As a proud guardian of a Gen Z, I have had a private laboratory to observe and record some of the nuances of this new generation who seem to have taken over the world. First, most Gen Z’ers are no longer just kids. They are budding young professionals with money to spend, currently making up 40% of today’s U.S. consumer base. They may be the most astute group of buyers to ever exist, relying on their vast social networks to make informed purchasing decisions. They’ll assess many different options before choosing, or even engaging with, a product or service. They are paying the most attention to their customer experience, and they’re willing to pay (literally) for a better one. A recent study from CustomerBliss and Oracle found that 40% of Gen Z’ers are willing to pay as much as 20% more for an impressive service experience. Why is this? I have a theory that it is because this generation can quickly detect when they are getting a bad deal. They have ready access to so much information that they can comparison shop in seconds, and can discover immediately which brands live up to their promises and which brands fall short.

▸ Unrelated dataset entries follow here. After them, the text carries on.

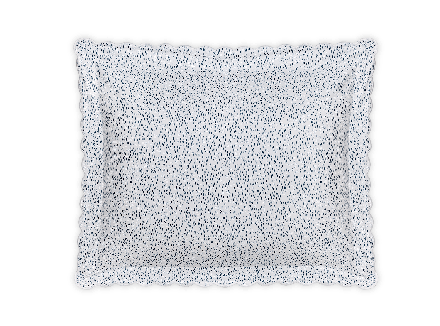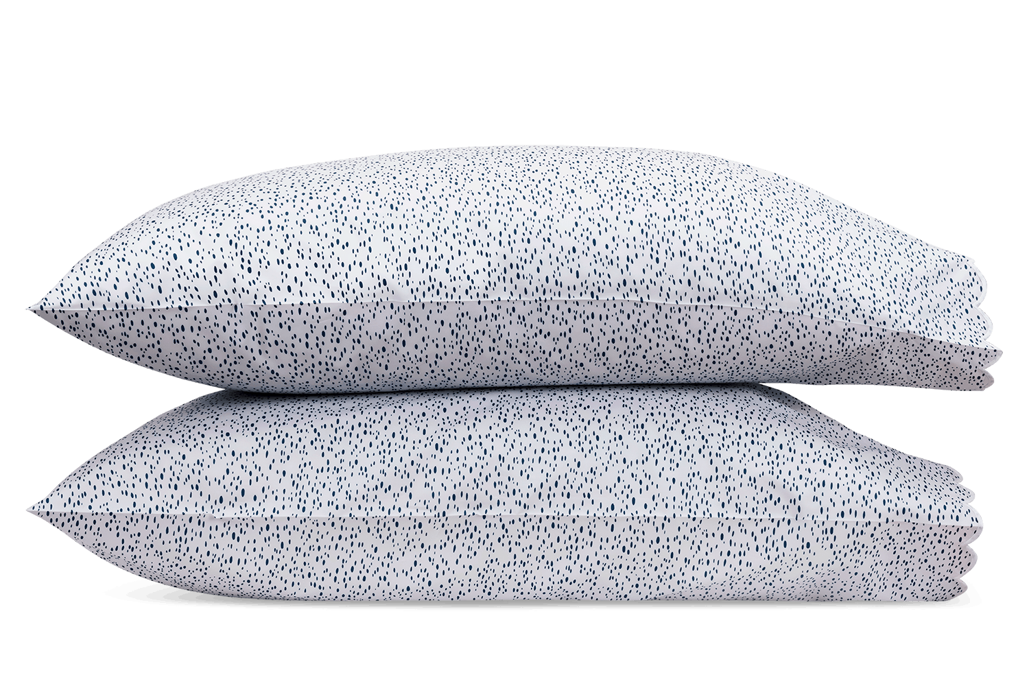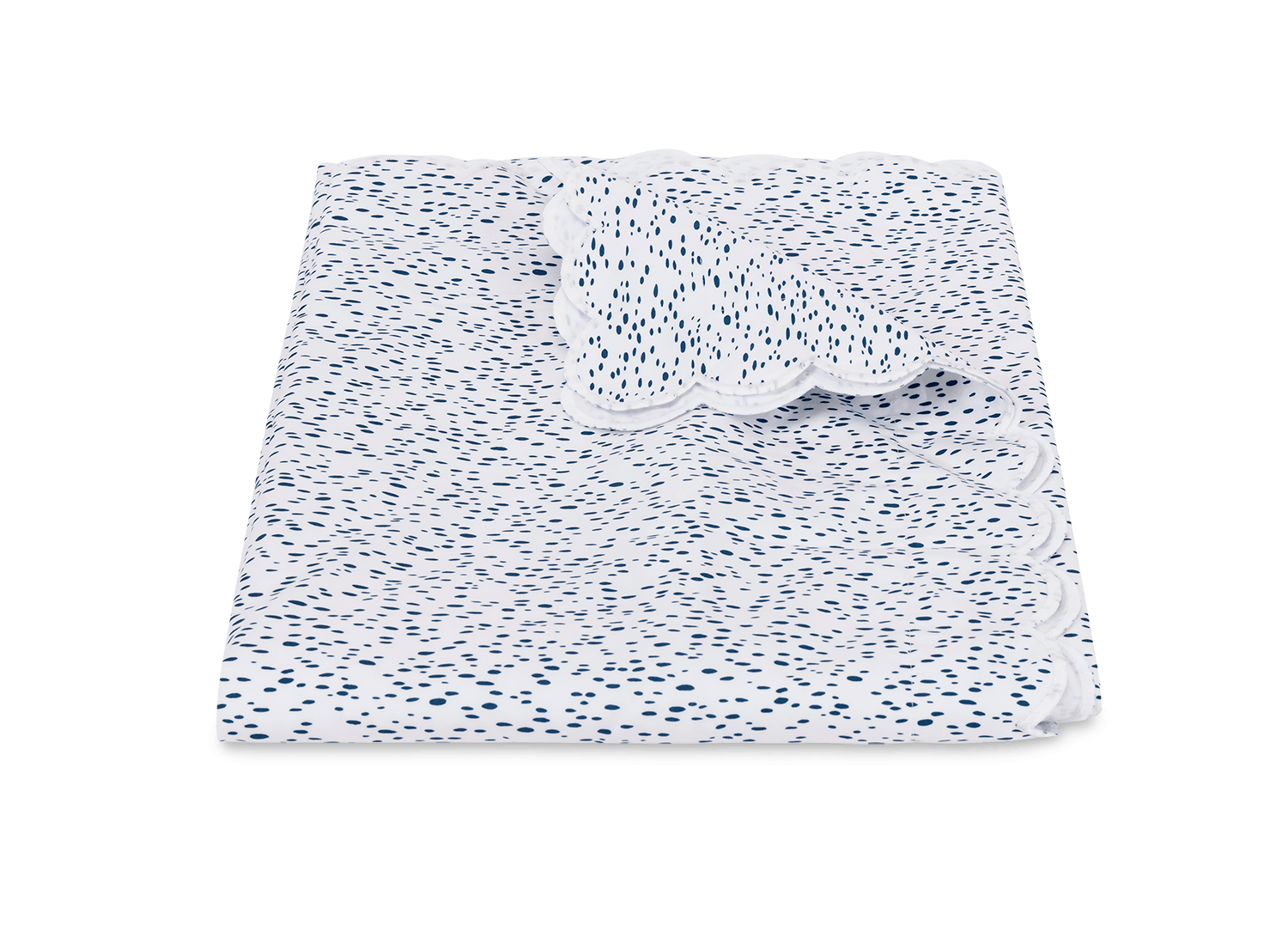 Chic and charming Celine features the painterly dots of Schumacher's classic "Duma", reimagined for the bed in five graphic colors that stand out against the white background of our 500 thread count Luca Egyptian cotton percale. Finished with a perfect embroidered scalloped edge, Celine is a go-to match for both vibrant prints and rich solids.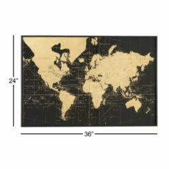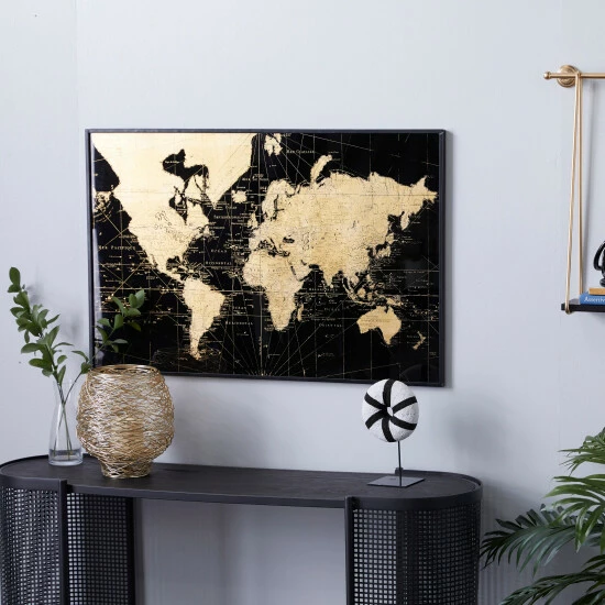 Bring luminescent vintage style to your wall with this large, rectangular black and gold glass world map wall decor. Reflective black glass is painted with metallic gold to create a vintage style world map and meridian lines. A fine sparkle in the metallic gold paint brings even more shine when light hits. A black iron frame houses this glass wall art piece. There are keyholes on the back for easy hanging. Suitable for indoor use only. Vintage wall art features hundreds of country names listed in metallic gold text. This item comes shipped in one carton.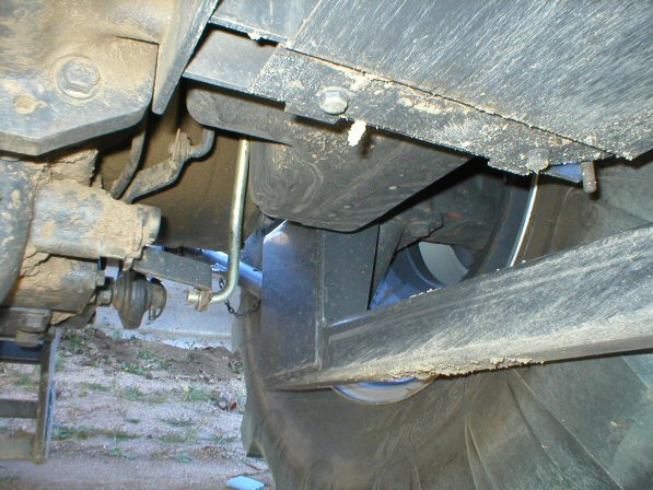 Brandi, glad it looks ok to do on yours too. I had to notch the flange edges to get by the bolts holding the angle bracket. Only lacks about 1/4". That driveshaft cover is sheet metal? If nothing got crushed under it your ok in that area. Where its critical that the cover not bear against stuff is up front where the hard hyd lines for the P/S cyl go in. One of my hyd lines got bent causing the rigid to flex connection to rub against the inside of that shield. Consequently the slight movement of the P/S cyl flexed the rigid tubing and it cracked in the bend. It was a high pres leak but soon enuf youre dead in the water or field or woods unable to steer.bindian said:Larry,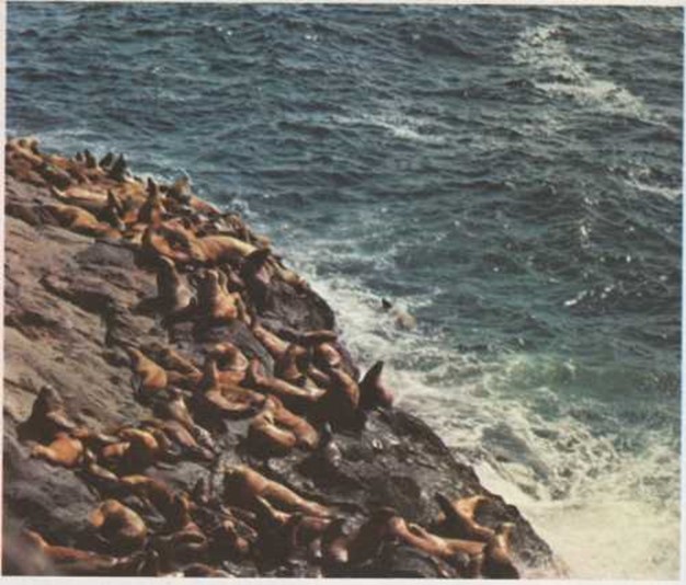 | Leones marinos tomando el sol en la costa rocosa del estado de Oregón, Estados Unidos. |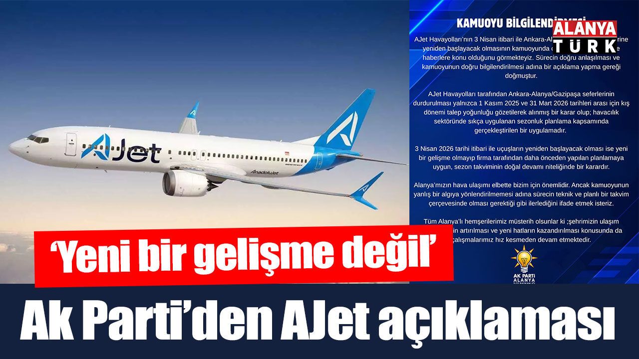 AJet Havayolları’nın 3 Nisan itibari ile Ankara-Alanya/Gazipaşa seferlerine yeniden başlayacak olmasının kamuoyunda çeşitli değerlendirme ve haberlere konu olduğunu görmekteyiz. Sürecin doğru anlaşılması ve kamuoyunun doğru bilgilendirilmesi adına bir açıklama yapma gereği doğmuştur.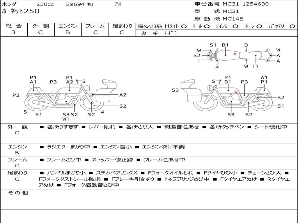 | Номер рамы / VIN | MC31-1254690 |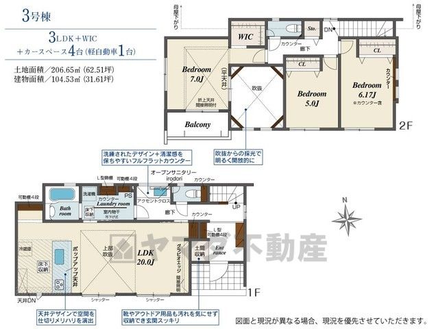 LDK20畳(1F)、洋5畳(1F)、洋6.1畳(2F)、洋7畳(2F)、洋7畳(2F) |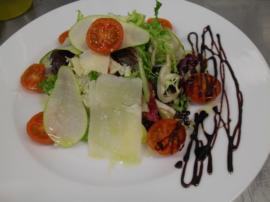 Ensalada mezclum, tomates cherrys, Tiras de hinojo, pera a tiras y a láminas para adornar, láminas de queso pecorino.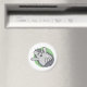 Este ímã apresenta um desenho caneta de um ouriço bonitinho com um sorriso no seu rosto e muita energia. Atrás do bosque há um círculo verde.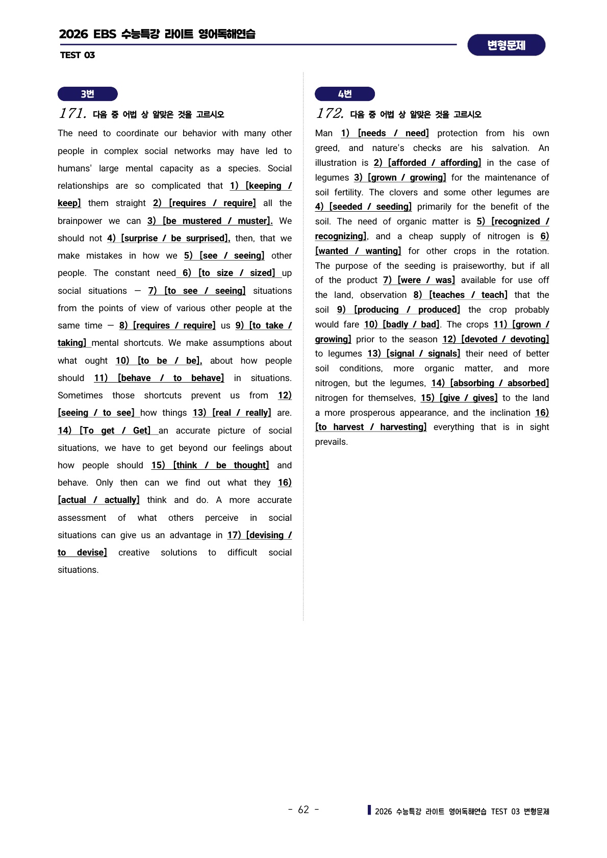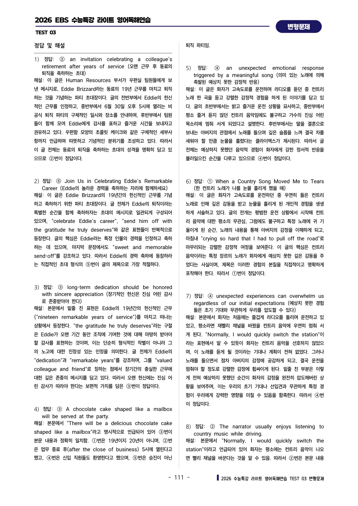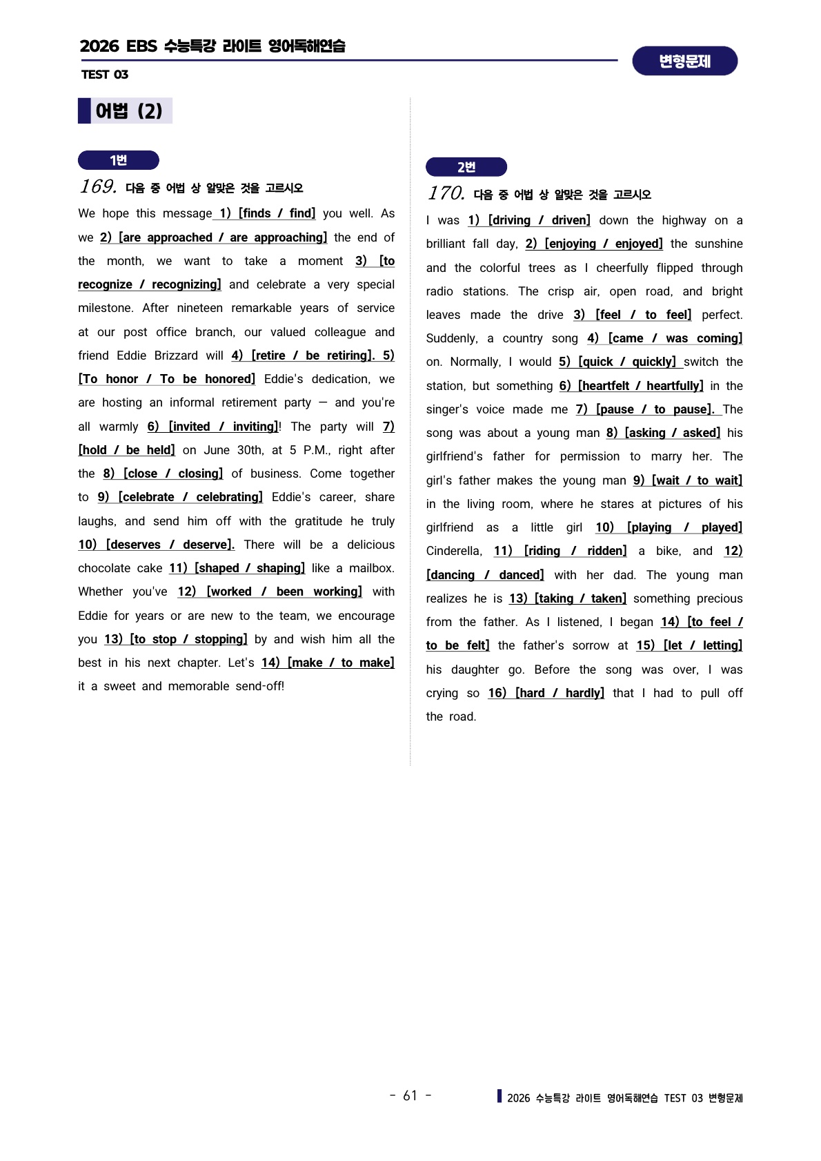 ํด์ฐ์ต [TEST 3๊ฐ] : ๋ณํ๋ฌธ์ ์ ํํธ (303์ )๐ฉท

Data is king for this group (which is probably better than Tiger King). For organizations, this means uniting efforts across different departments (above all, service and marketing) to meet Gen Z’ers diverse expectations, creating that impressive service experience they’re willing to pay more for. How do they want to do business with brands? What matters most to them? How likely are they to make a purchase, and does that likelihood increase if they know someone who has bought and used the same product? These questions apply to every consumer, but arguably the most data is generated, collected, and available on Gen Z.
Consider the following statistics:
● Three-quarters of Gen Z customers would rather seek out non-company guidance (i.e., Reddit forums, YouTube channels, Google search) over contacting a brand’s customer service to solve issues most or all the time, according to research from Gartner.
● Nearly 70% of Gen Z’ers find new products and services through social channels every month, compared to 45% of all consumers. When they do find something they want, 27% are likely to click through and buy it.
● The majority (57%) feel comfortable sharing their personal information to tailor service interactions, but only 15% believe companies actually deliver personalized experiences. Gen Z is unlike any other consumer group organizations have needed to reach. They grew up with technology at their fingertips; interacting online comes second nature to them, and they expect companies to offer digital experiences that are not just engaging but also personalized. The key to personalizing their experiences boils down to acting on data insights through service and marketing efforts to build brand loyalty.